There is a huge logjam of homes to be processed by banks, what with 2 million homes in foreclosure and another 2.3 million cases pending review, but speed should have been the last thing on the mind of the arbitrators of the entire foreclosure process. It was almost as if it was a Grand Prix for the litigious; lawyers and law firms raced to outdo one another to see who could rack up the most number of foreclosures, a perverse game of gamesmanship that was bound to claim the homes of an innocent at one time or the other. These law firms were paid bonuses by volume and so they simply raced through the processes as rapidly as they could since they had dollars in their eyes and little else on their minds, errors and omissions be damned. And all the big time mortgage firms that were meant to oversee the process (and yes, that includes Fannie Mae) were just so keen to get the cash registers jingling that they actually penalized contractors for moving tardily, exacerbating what was already a mess.

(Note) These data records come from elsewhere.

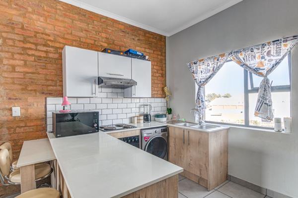 Discover this contemporary 70 sqm apartment in Pomona, Kempton Park, offering a stylish and functional living experience. The open plan layout seamlessly connects the living area with the modern kitchen, creating an inviting atmosphere. Exposed brick accent walls throughout the main living spaces add character, complemented by durable tiled flooring.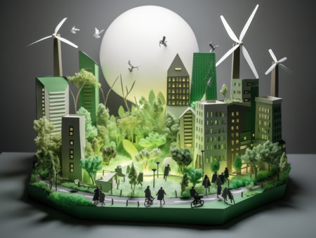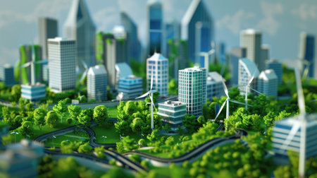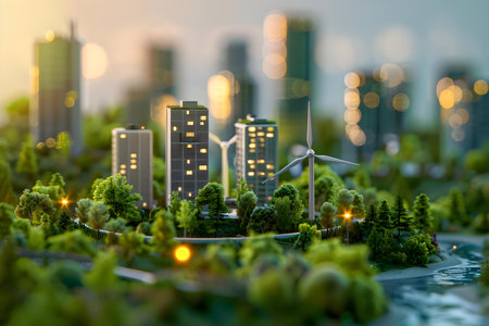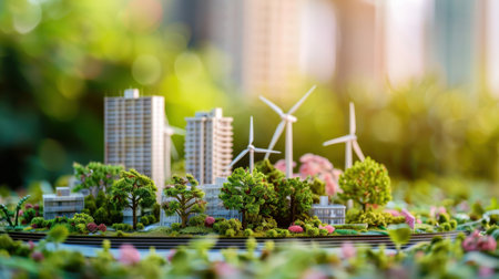 A miniature cityscape set within lush green foliage. The miniature city features several buildings and trees, as well as three small wind turbines generating clean energy. The scene is bathed in warm sunlight, suggesting a sunny day.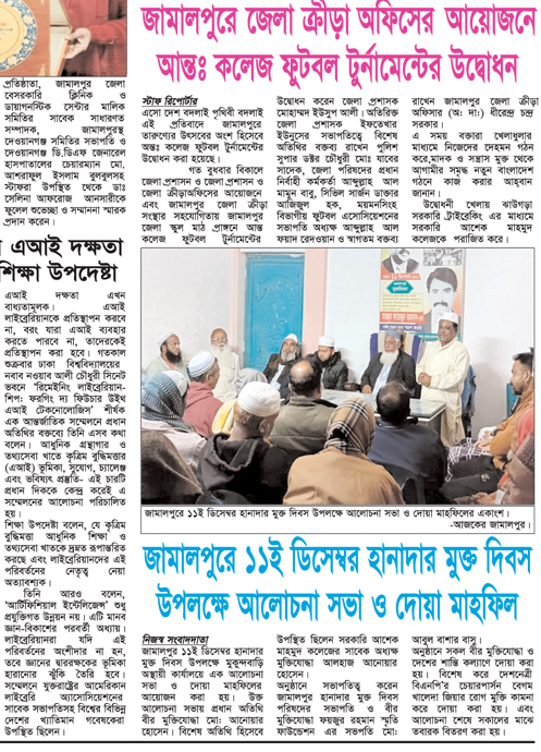"আজকের জামালপুর" জামালপুর, বাংলাদেশ থেকে মুদ্রিত ও প্রকাশিত দৈনিক সংবাদপত্র । The Daily Ajker Jamalpur. A daily newspaper of Jamalpur, Bandladesh.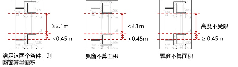 ①窗台与室内楼地面高差在0.45m以下且结构净高在2.10m及以上的凸(飘)窗,应按其围护结构外围水平面积计算1/2面积。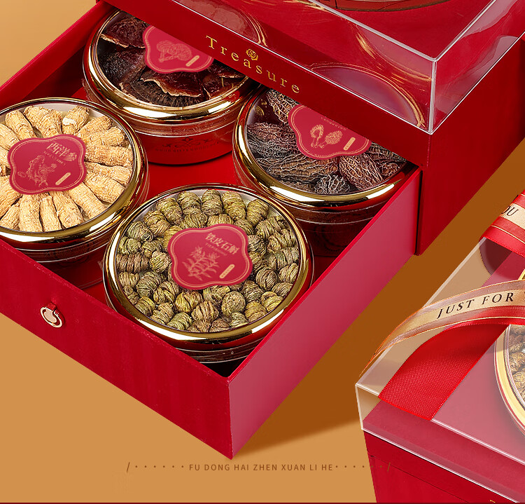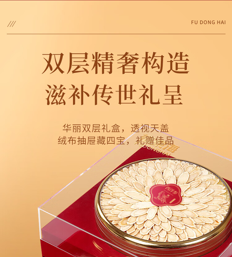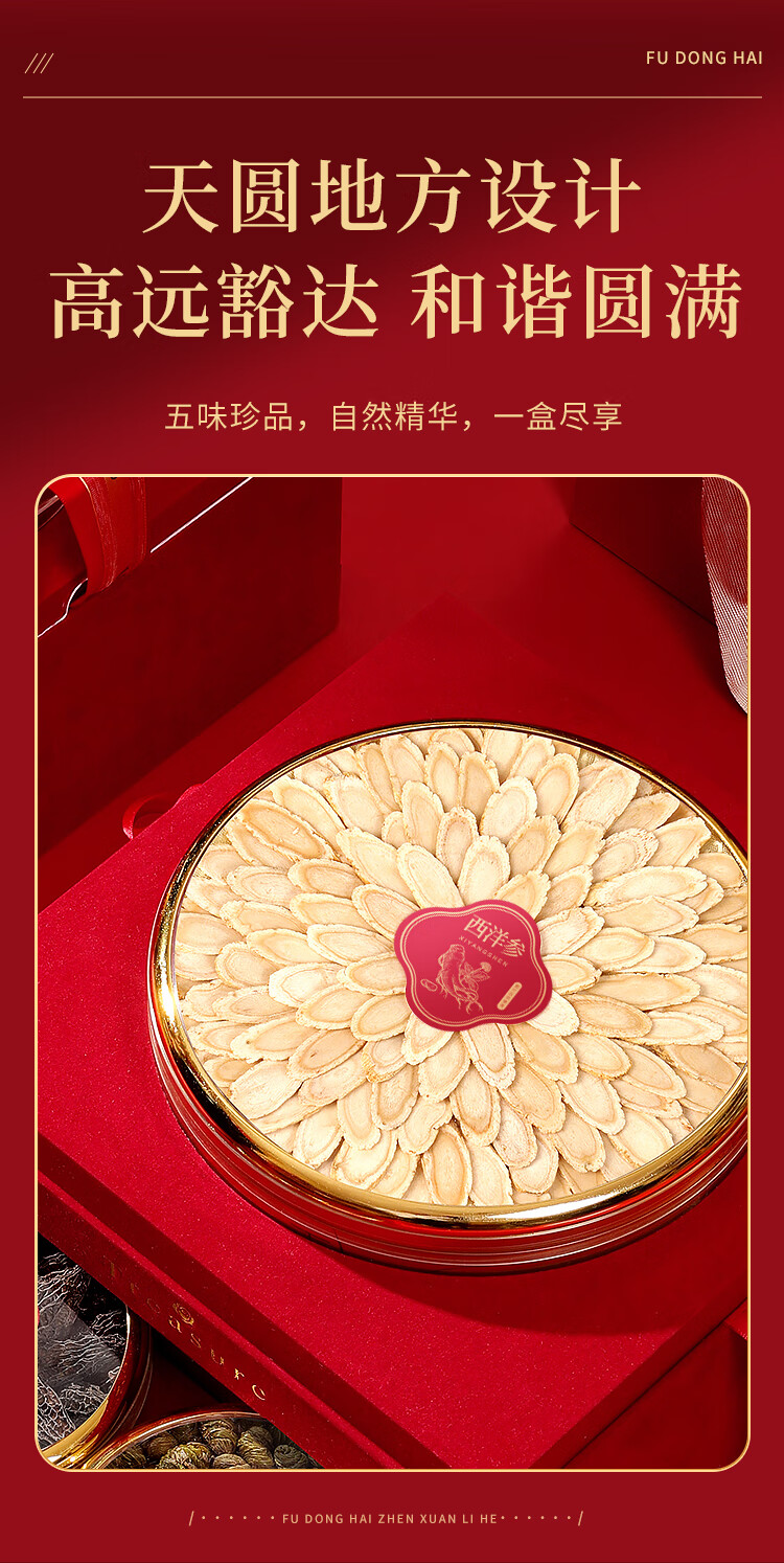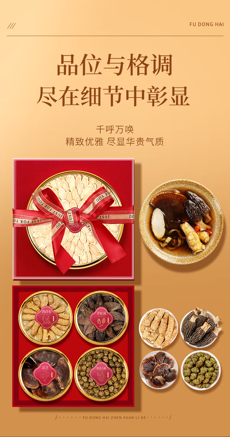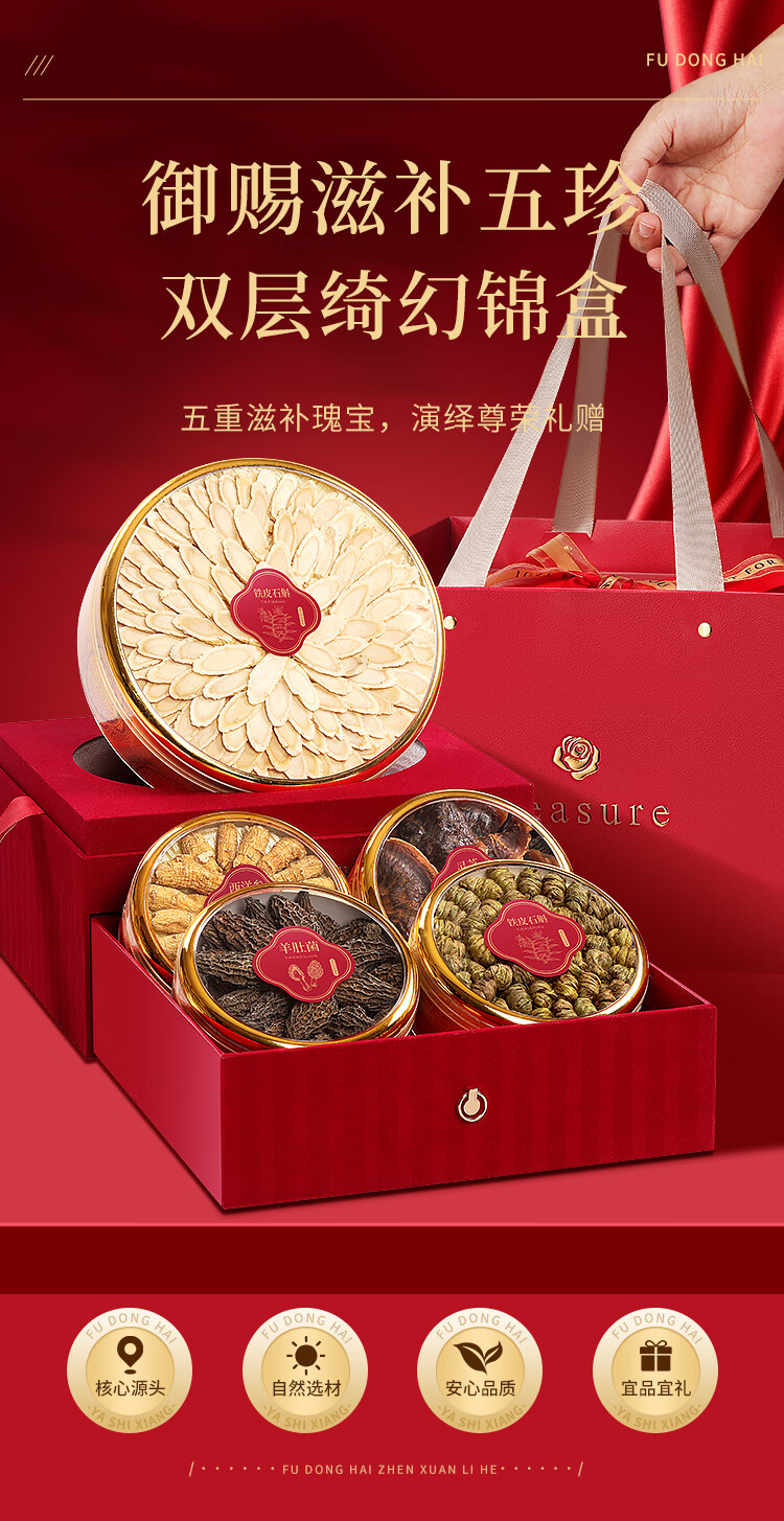 福东海 西洋参片羊肚菌石斛灵芝五拼260克 礼盒过年货礼盒补品送长辈高端实用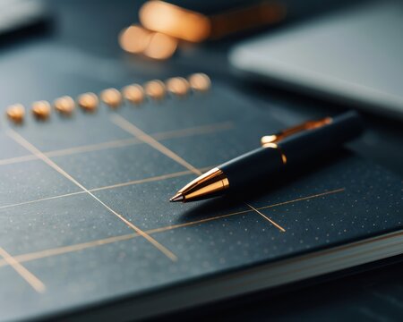 Journal and pen on wooden surface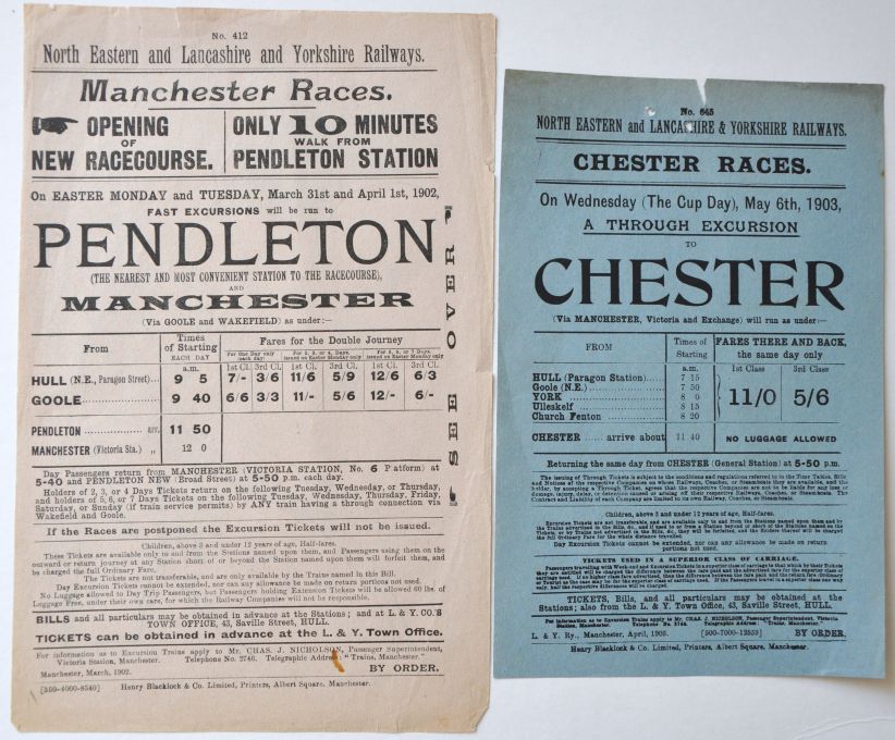 Lot 282 | Category: HandbillsNER & L&YR joint handbill for excursion from Hull to Chester for Chester Races. Printed on blue paper, dated May 1903. Plus similar to Pendleton for Manchester Races dated March 1902. (2) £10 |

The whole system was just so absurdly inflexible that there was no stopping a foreclosure process once started. The problems that plagued the process were more than a few document pushers that just forged documents or failed to review foreclosures as per norms either. The rot runs a lot deeper and is a lot more systemic than that; loan servicers, law firms, document processing companies and others, they were all in on it. It was a crazy game of real estate dominoes, and as these firms made more money from kicking out homeowners, they chased down others with even more zeal (rightfully or otherwise) and the system became increasingly prone to errors and any sort of appeals on the part of homeowners. Everyone was in on the fraud, and this can be best epitomized by the nation’s credit rating agencies that offer higher grades of credit to firms that were quick to handle the entire process of foreclosure and conversely they offered lower grades to those that hung on to delinquent loans. That shows how pervasive the decay was, and is.
How ironic that the entire bureaucratic procedure seems geared against homeowners, and it’s time that the powers that be shake off their inaction and start to make heads roll. There are examples to be set and muscles to be flexed, and only the nation’s supreme bodies can now protect the interests of the American homeowner.